Ah, yes the good of the party. Such a noble sentiment! We might even be able to believe that a prick as big as DeLay was being sincere, if he’d dropped out before the Republican primary, which was held last month! Then, another, presumably less prickish member of the GOP, might have had a better shot at the party’s nomination.
Instead, DeLay put his own vainglorious hope to retain his seat ahead of principle, party and the ideas he claims now to value. And, big shock, Republican voters in the district said they’d stick with the prick they know rather than a person who has at least the potential to be an honest representative. (So, we suppose, they deserve the pickle DeLay’s just handed them.)
Don’t be fooled; this decision wasn’t motivated by anything other than the fact that DeLay knew he couldn’t win.
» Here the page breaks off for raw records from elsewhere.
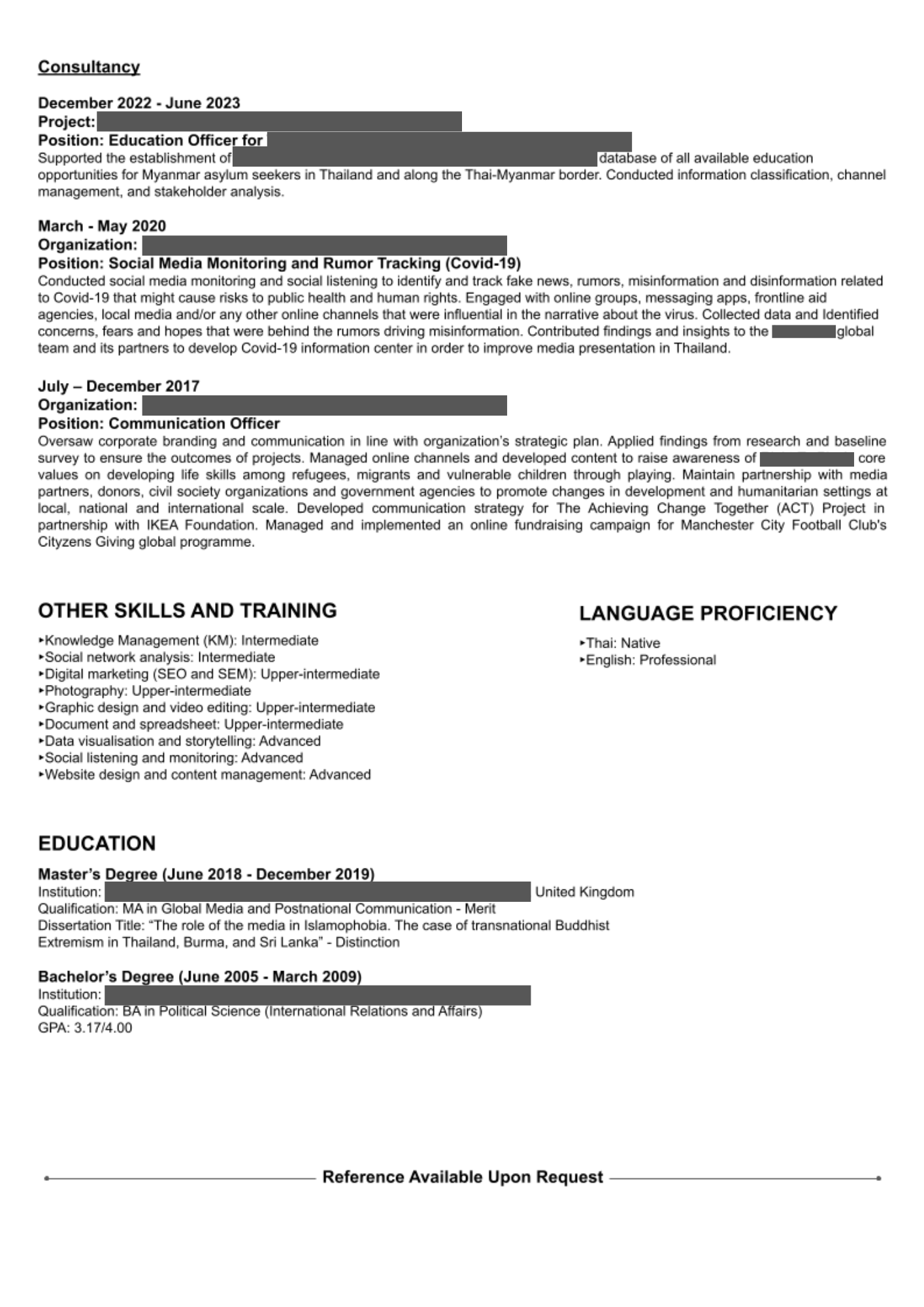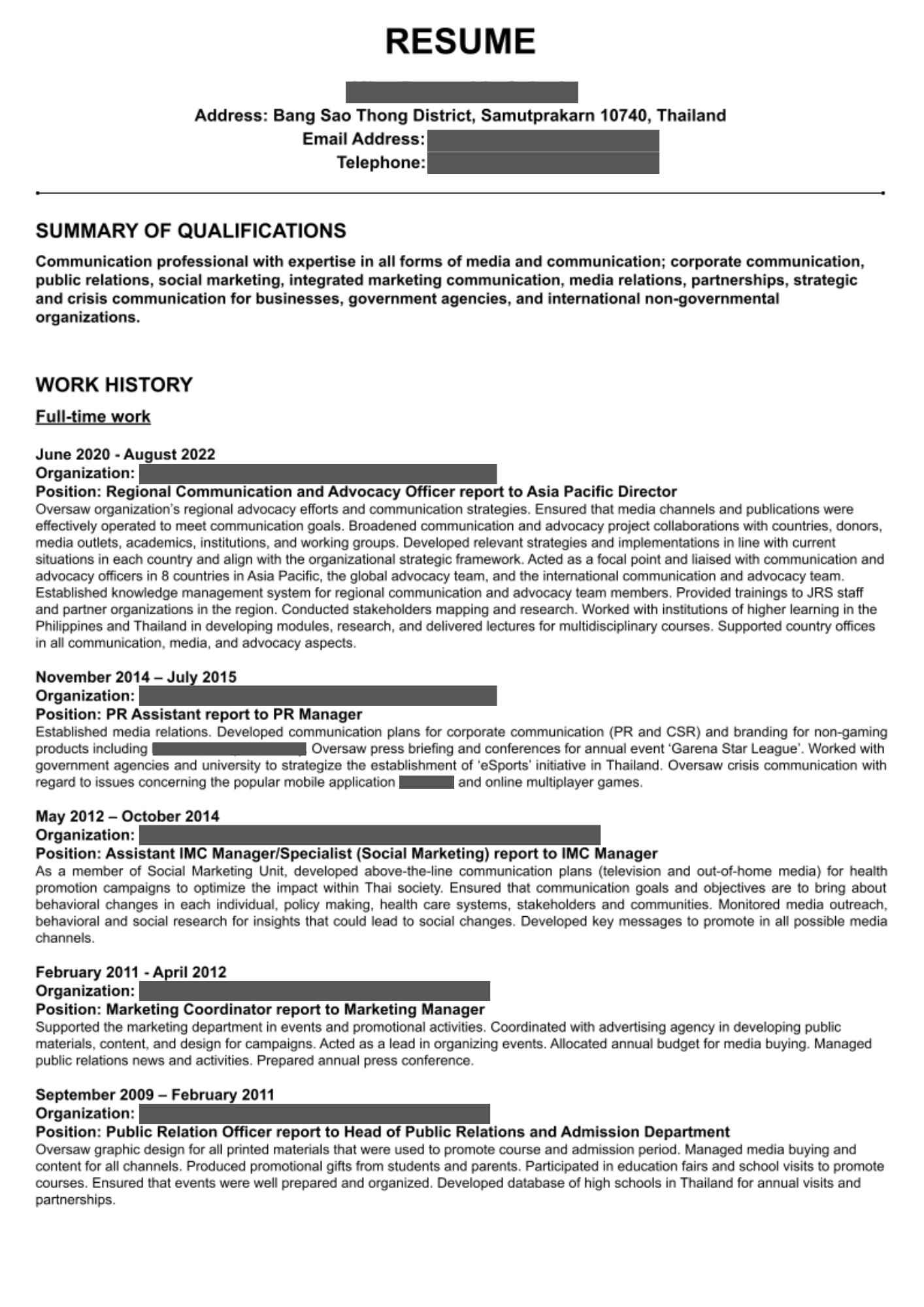 รับแปล Resume, CV และ Cover Letter จากไทยเป็นอังกฤษ หรือ อังกฤษเป็นไทย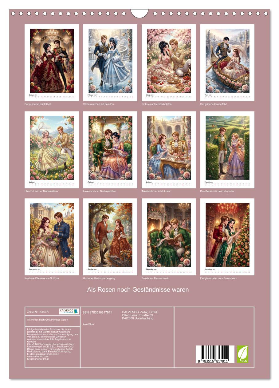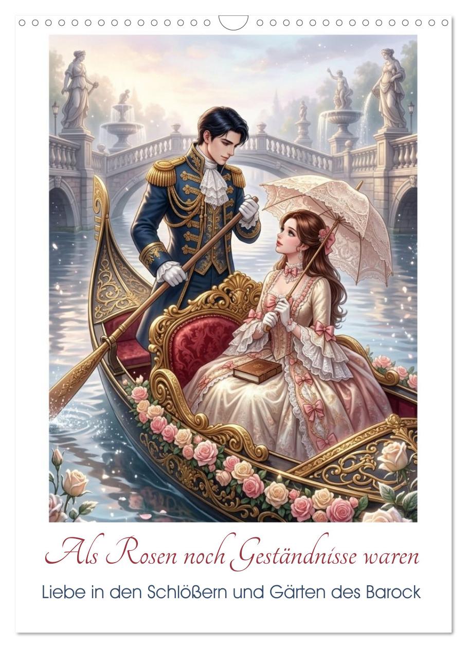Tauchen Sie ein in eine Welt aus Rosen, Seide und goldenen Augenblicken. Angelehnt an die verspielte Eleganz des europäischen Rokoko zeigt dieser Wandschmuck zwölf romantische Szenen aus einer Zeit, in der Liebe noch auf Parkettböden tanzte und Geständnisse im Duft von Rosen geflüstert wurden. Von einem Winterball im Kerzenschein über eine Gondelfahrt im goldenen Abendlicht bis zum festlichen Glanz unter dem blühenden Rosenbaum – jeder Monat erzählt seine eigene kleine Geschichte aus einer Welt voller Anmut und Sehnsucht. Die KI-generierten Illustrationen entführen Sie in prachtvolle Gärten und stimmungsvolle Interieurs des Barock, wo Samt, Spitze und Rosenduft die Kulisse für unvergessliche Begegnungen bilden.
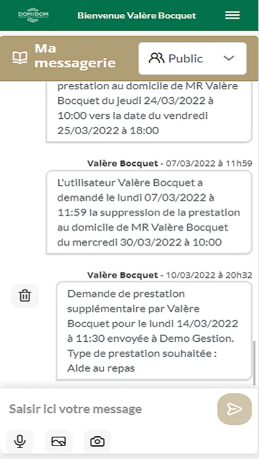 Une messagerie sécurisée qui vous permet d’échanger avec votre agence et/ou vos proches.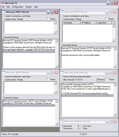 Met één Mercury server - waarvoor een oude pc kan worden gebruikt  - kunnen duizenden mailboxen worden bediend. Mercury werkt maanden achtereen zonder enig onderhoud.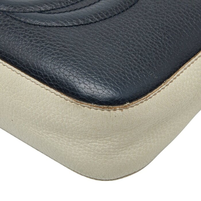 グッチ インターロッキングG ソーホー スモールディスコ 斜め掛け ショルダーバッグ 431567 ネイビー ホワイト レッド レザー レディース GUCCI 【中古】
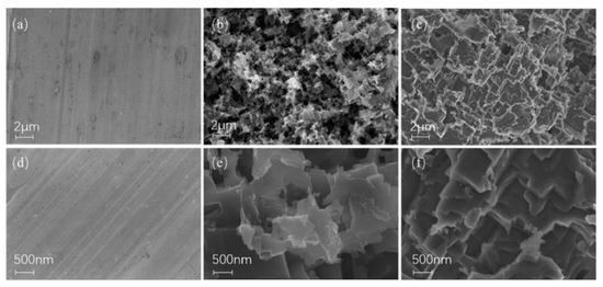 FE-SEM images during the fabrication process. 5000× magnification: (a) bare Al fin; (b) Al fin etched by HCl solution; (c) Al fin modified by stearic acid. 20,000× magnification: (d) bare Al fin; (e) Al fin etched by HCl solution; (f) fin modified by stearic acid.
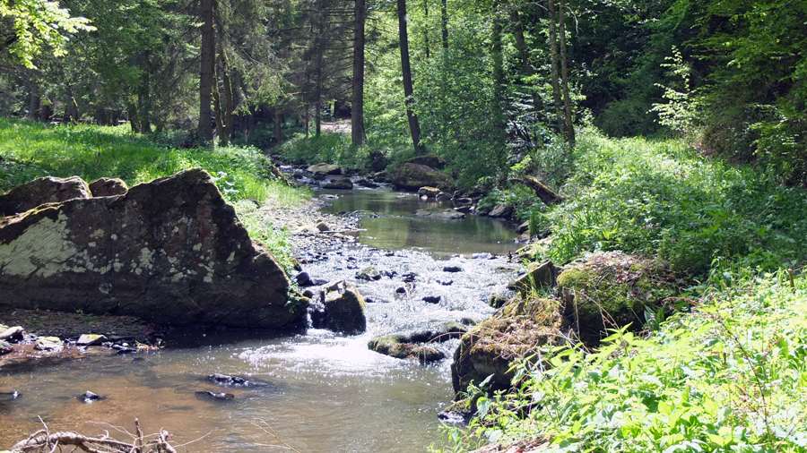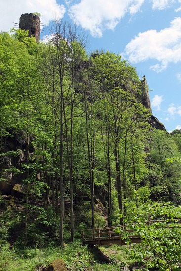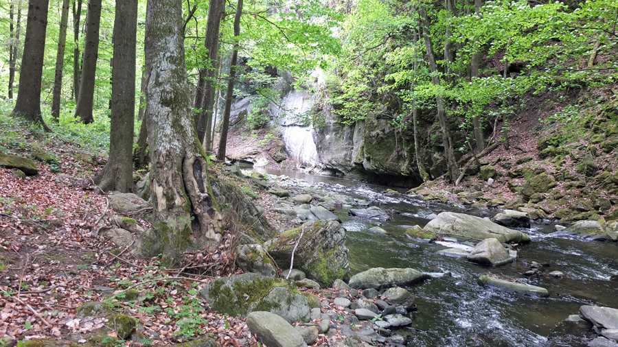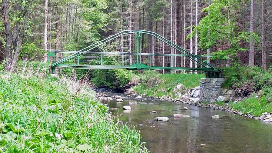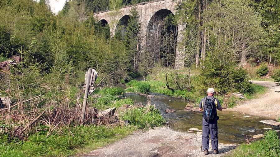 Steg über die Große Krems ..... kurz vor dem Zusammenfluss der Großen mit der Kleinen Krems an den Wotansfelsen (11) vorbei wandern.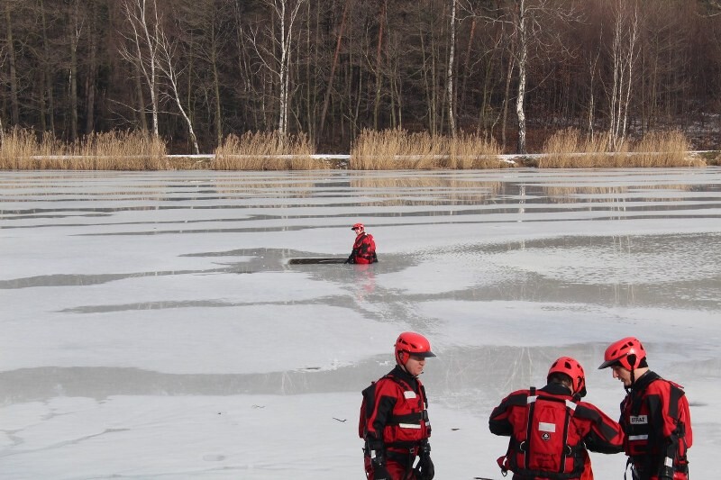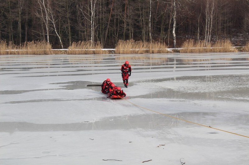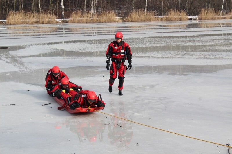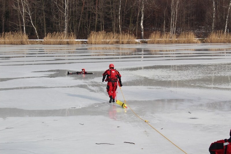 Scenariusz ćwiczeń obejmuje podejmowanie osoby z wody pod którą załamał się lód. Strażacy wyposażeni w suche skafandry, kamizelki oraz sanie lodowe muszą dotrzeć do poszkodowanego wyciągnąć go na brzeg i udzielić kwalifikowanej pierwszej pomocy. Całość zadania odbywa się przy asekuracji za pomocą liny z brzegu.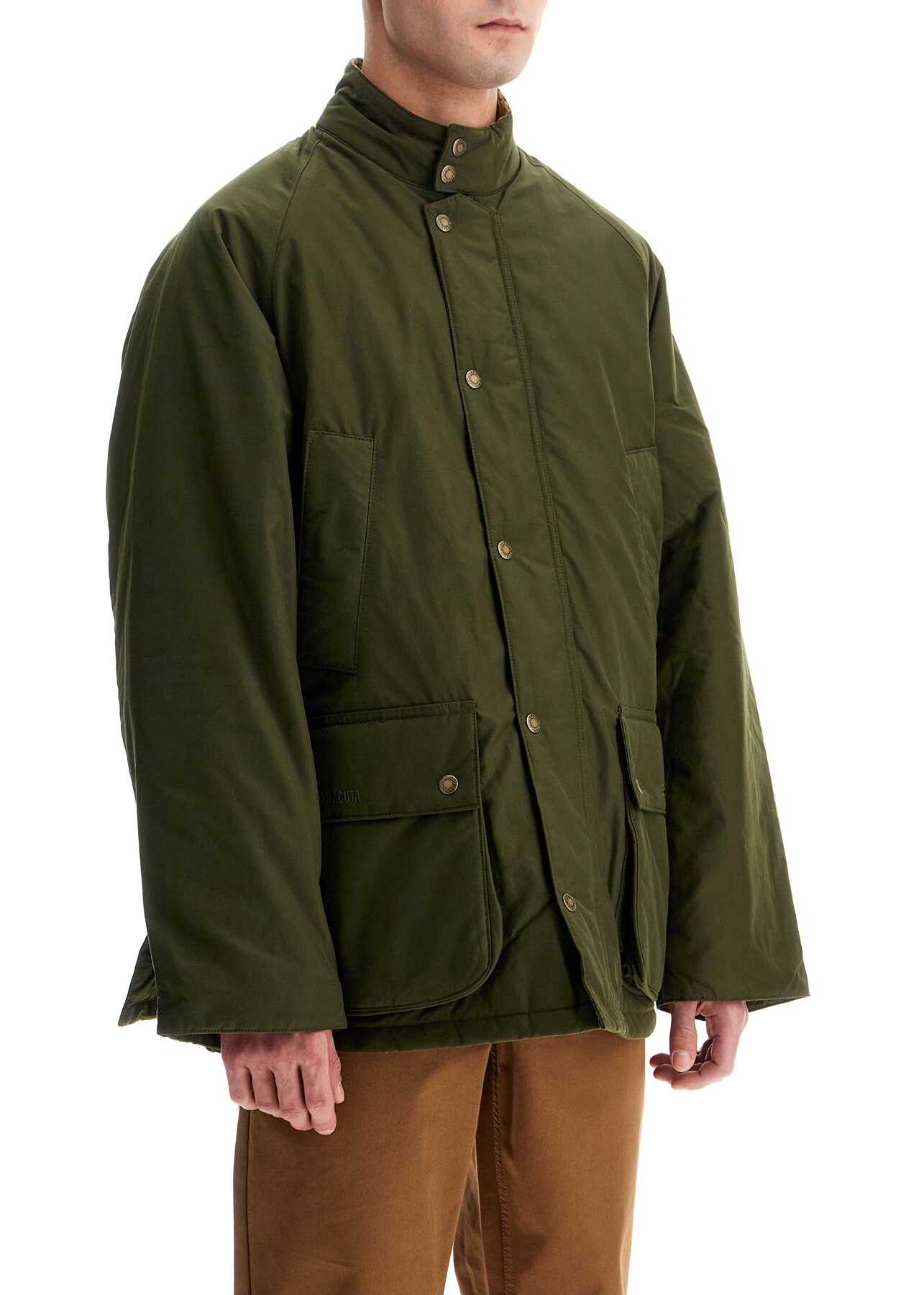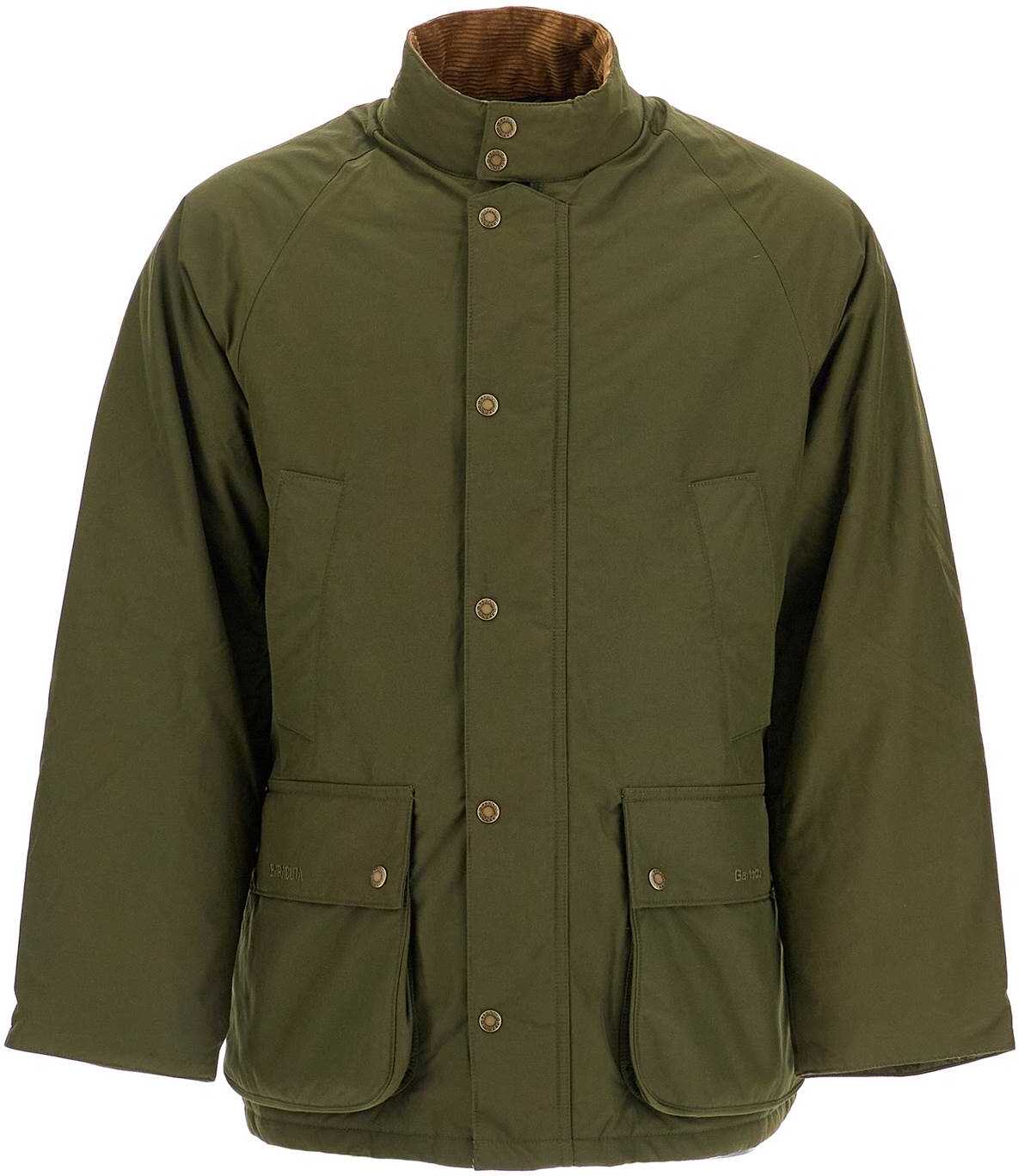 This Barbour x Baracuta jacket from the collection is made of lightweight technical cotton fabric with light padding, featuring a soft cut enhanced by adjustable raglan sleeves at the bottom with snap buttons. It has a stand-up collar lined in corduroy, a hidden double-slider zip closure with branded snaps, flap pockets and slanted chest pockets. Lined in tartan fabric and equipped with an inner pocket. Completed by a characteristic umbrella yoke and openable side vents on the back. The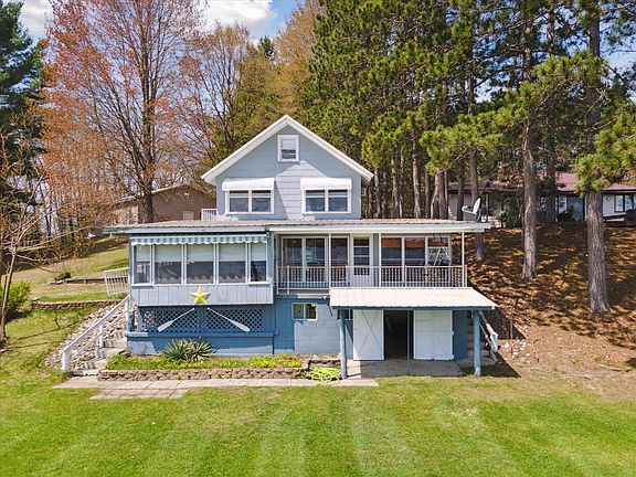 This charming 3 bedroom, 1-bath lakefront cottage sits on a spacious ¾ acre lot with 132 feet of shallow, sandy frontage; perfect for swimming and lakeside fun. Enjoy modern comforts with an updated kitchen and well, plus plenty of storage in the basement, which includes a large door for easy access and a dedicated fish cleaning station. A standout feature is the large 2-car pole barn, which includes a full bath, laundry area, workbench, and ample room for storing a pontoon and vehicle. Whether you're looking for a seasonal getaway or a new home site, this property has all the essentials. Dock is not included. Pontoon included in sale to get you going!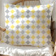 Schattigee Preppy Diamond Pattern Kussens. Pas dit elegante kussen aan voor uw eigen huisdecoratie of voor een heerlijk huisverwarmend cadeau. Prachtig geel en grijs design.
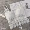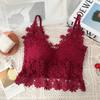 Dámský krajkový top s výstřihem do V a sexy zády, crop top s dutým výstřihem a podprsenkou, květinový výšivkový top Y2K 2025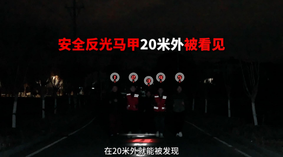 通过现场安全研究中心发布的真实道路测试,我们可以看到采用红白格设计的运满满雨布,相比普通货车,发现率能够显著!在夜晚环境中,没有穿着安全马甲的司机约5米距离能够被发现,而穿着运满满反光马甲,在20米外都能明显发现!

He saw poll numbers showing that, or perhaps just realized that the Jack Abramoff scandal (which just ensnared a former top aide, Tony Rudy) was too much for him to overcome. (By the way, there’s a totally cute picture of DeLay and Abramoff together at DeLay’s annual golf outing in this month’s Vanity Fair. Check it out — it’s one for the scrapbook.)
Perhaps now, the GOP in Texas and Washington will see what the Republicans have become: People who love power more than anything else, and people who will do anything — regardless of the impact to the country, the Constitution, and their own constituents — to keep it. Perhaps now the reflexive, unflagging, rote loyalty to the GOP will end.
Yeah, we doubt it, too. The silver lining is, DeLay’s actions have harmed his party, and his ignominious end (assuming CNN is right) will end up helping Democrats in elections this year. DeLay may be gone, but he certainly shouldn’t be forgotten. Because, alas, his spirit lives on. And so, thank God, does DeLay’s criminal trial.